Bengals president Mike Brown has no plans to trade Carson Palmer by Tuesday's NFL trading deadline, has no long-range agenda concerning his former franchise quarterback, and believes rookie Andy Dalton is the man for the future.
The next available window to deal Palmer after Oct. 18 is next March at the start of the new league year.
"It would be an option to trade any player, but we have not looked that far ahead," Brown said of trading Palmer before the 2012 draft. "I'm not focused on it."
Brown told Bengals.com and The Cincinnati Enquirer Thursday that it is unlikely the Bengals are going to make a trade by Tuesday.
"There are none discussed or processed as we speak," he said. "I've had my say on it. That's all there is to say."

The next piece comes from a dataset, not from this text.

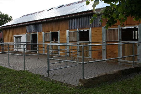 Eine Maschinenhalle mit angrenzendem kleinem Stall - heute eine Stallanlage.

Which means the Bengals still continue to consider Palmer as a retired player. Brown also considers Dalton next in line after being impressed with poise he says he hasn't seen from some good quarterbacks until their third season or so.
"He's our quarterback now and doing very well," Brown said. "I'm pleased with how he's doing and I think he can be the guy here."

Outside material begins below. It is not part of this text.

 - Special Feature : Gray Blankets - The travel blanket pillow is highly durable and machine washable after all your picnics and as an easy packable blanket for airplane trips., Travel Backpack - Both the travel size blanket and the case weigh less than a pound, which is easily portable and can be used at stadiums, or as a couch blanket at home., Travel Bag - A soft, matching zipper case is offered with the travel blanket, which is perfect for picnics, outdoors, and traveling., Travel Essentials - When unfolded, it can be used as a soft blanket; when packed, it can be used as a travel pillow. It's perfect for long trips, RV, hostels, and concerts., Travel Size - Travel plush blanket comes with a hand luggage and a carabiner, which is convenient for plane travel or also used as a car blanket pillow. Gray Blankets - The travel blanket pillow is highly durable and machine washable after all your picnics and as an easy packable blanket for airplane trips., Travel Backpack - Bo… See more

NOT SO FINE: It turned out to be the most expensive football Bengals running back Bernard Scott ever bought. And he never got to keep it.
Scott says he's been fined $5,000 for throwing the ball into the stands in Jacksonville after he scored the winning touchdown Sunday on a two-yard run. He was aiming for his family in the upper deck and came up a little short in more ways than one.

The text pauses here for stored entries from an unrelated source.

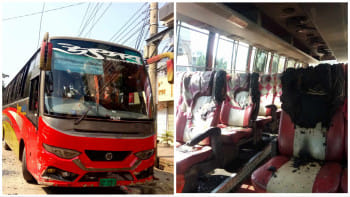 রাত ৯টা ৫৭ মিনিটে যাত্রাবাড়ী থানার সামনে একটি বাসে আগুন দেয় দুর্বৃত্তরা।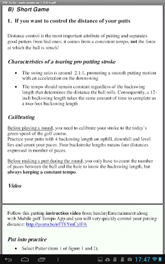 Visit our blog at https://www.mobile-golf-tempo.com/english/blog-in-english to learn to control distance in putting and short game using Mobile Golf Tempo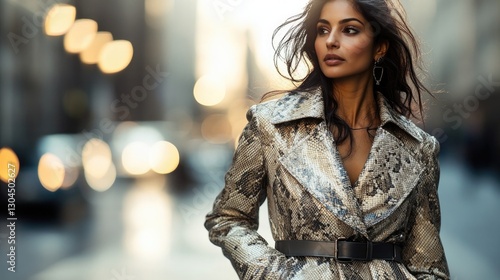 © Larisa, Fototapeta premium Stylish woman in animal print coat walks confidently through cit

"If I knew it was a fine, I never would have done it," Scott said. "That's a lot of money."
It didn't reach his family, but Scott says a Jacksonville fan threw it back on the field, but he didn't get it back. Maybe he can make that part of the appeal process.
"Have to appeal it," Scott said. "It's worth a shot."
GRESH RECALL: Speaking of Palmer, tight end Jermaine Gresham's massive rookie season could be summed in about 13 minutes. It was last year against the Colts when he caught nine balls in the fourth quarter, including a 19-yard touchdown from Palmer that cut the Indy lead to 23-17 and forced a successful onside kick. But he fumbled moments later to seal the loss.
"Highs and lows, no question," Gresham said before Thursday's practice.
He remembers Palmer telling him after the game, "You've got to approach the game like you're going to be the best."
"So I just try to take that to heart," Gresham said, "and prepare in that sense. It definitely pushed me harder just to know I have so much to achieve and I have so far to go. It motivated me to work harder. It was bitter. We lost. That's all that matters is that we didn't pull a win out and it's a game we should have won, so it was tough."
Gresham took it to a big heart. With the Colts looming again, he's coming off huge catches on third and fourth down in the last two fourth-quarter comebacks and is on pace for 10 touchdowns (most ever by a Bengals tight end) and 67 catches, four short of Dan Ross' Bengals record for a tight end.